Т.С.: Да, это абсолютно неуловимый субъект или объект познания. Но что интересно: происходит постоянное переоткрытие этого народа, переконструирование и пересоздание этого образа народа, а также постоянное открытие, познание и осознание для себя, что такое этот народ. Понимаете, они же социально очень разные, то есть, если мы сравниваем с первой половиной XIX века, это такой социальный микс, потому что большинство из них все равно еще принадлежат к дворянскому сословию, если использовать официальную структуру сословий в Российской империи. Да, это бедное дворянство, понятно, что это очень часто не то элитное дворянство, о котором мы говорим в смысле начала революционного движения, декабристов или о спорах западников и славянофилов, это другой социальный слой. Очень много людей из провинции, из маленьких провинциальных городов, из мещанства, из среды духовенства, конечно, потому что тут невозможно не учитывать, что в это время очень много выходцев из духовенства в связи с разными социальными, политическими и культурными процессами приходят в университеты и пополняют ряды этого сообщества. То есть социально это очень разнообразно. Но при этом все равно существует связка, что народ — это крестьянство, а они, вырастая в городах или получая образование в университетах, все равно сохраняют осознание того, что этот народ, о котором нужно заботиться, живет где-то рядом. Это абсолютно субъект-объектное отношение: о народе нужно заботиться, народ нужно вести, народ нужно преобразовать, народ нужно просвещать, то есть он все время объект какого-то действия, на который направлены усилия русской интеллигенции.

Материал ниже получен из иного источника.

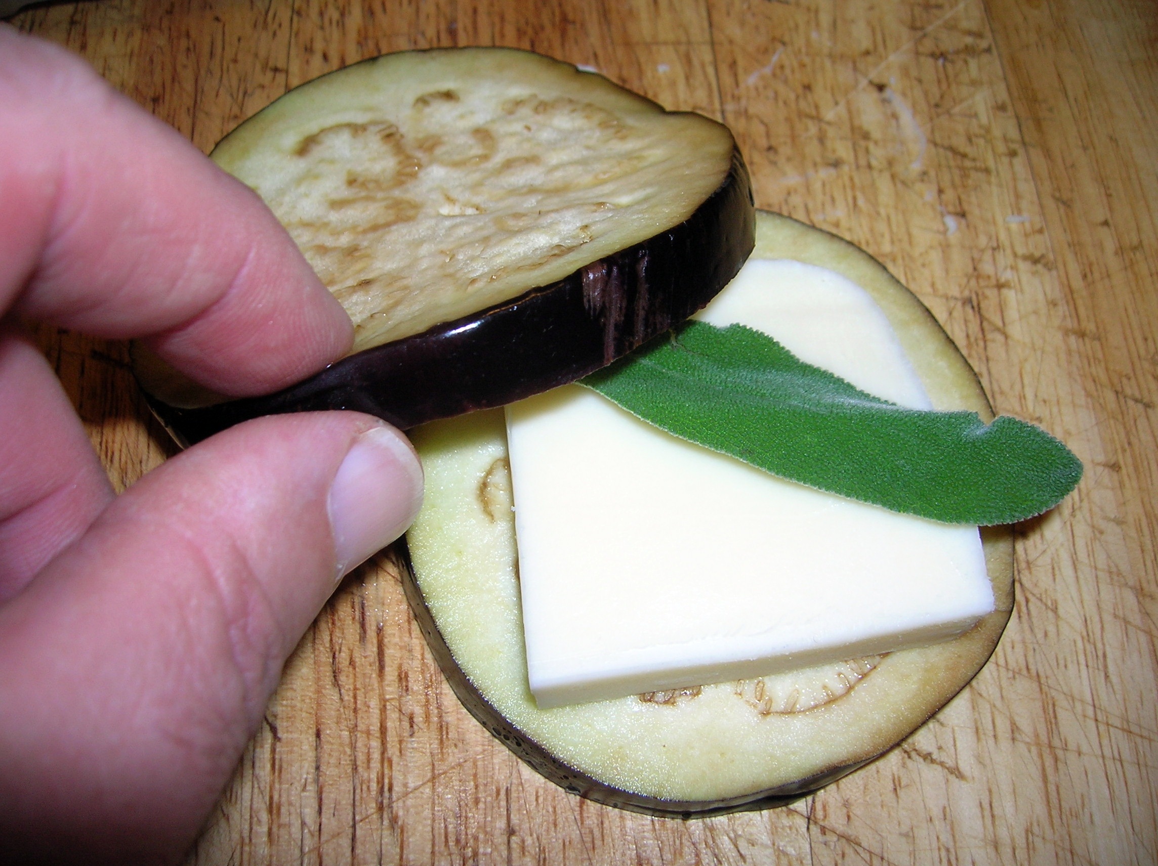 Place a slice of Fontina cheese on top of a slice of eggplant and top with one sage leaf. Cover the sandwich with the matching eggplant slice and set aside. Assemble the rest of the sandwiches with the remaining eggplant, sage leaf and cheese.

А.Т.: И для этого о нем нужно получить некую объективную информацию, его сначала нужно описать, изучить.

Т.С.: Абсолютно верно, его нужно узнать. Но при этом у них есть ощущение, что это что-то такое близкое, но одновременно далекое, и это вроде бы та страна, в которой ты живешь, в которой ты растешь, к культуре которой ты принадлежишь и о которой ты думаешь, потому что они действительно очень много пишут о благе страны и народа.

А.Т.: А здесь справедливо сказать, что этот слом субъект-объектных отношений отчасти произошел в результате «хождения в народ», что хождение в народ как раз трансформировало прежнюю достаточно простую субъект-объектную рамку, где есть «мы», некая общность (по Лаврову, например: у нас есть бремя, мы должны изучить, мы должны получить информацию, и на ее основании мы должны осуществить, воплотить некое благо). И сам результат хождения в народ приводит (по крайней мере, я сейчас постараюсь высказаться максимально осторожно), как минимум, к усложнению отношений. Ведь если вспомнить хрестоматийные тексты о хождении в народ, Дебагория-Мокриевича или, например, Дейча, то там речь будет всюду идти, во-первых, о том, что народ оказался «не таким, как…», но пока еще получается, что описание объекта у нас разошлось с ожиданиями, в этом смысле мы получили новую информацию. А вот второй момент, который будет, мне кажется, очень заметным у столь разных и потом в сложных отношениях находившихся друг с другом авторов, как тот же самый Дейч и Дебагорий: у него, «народа» другие стремления (чем мы полагали), оказывается, он тоже является субъектом. Можно ли сказать, что хождение в народ привело если не к однозначному признанию «народа» в качестве субъекта, то по крайней мере к появлению этого самого хода, то есть оказалось, что да, у него есть субъектность и, более того, эта субъектность оценивается как неправильная, то есть стремление у народа есть, но это стремление ненадлежащего рода?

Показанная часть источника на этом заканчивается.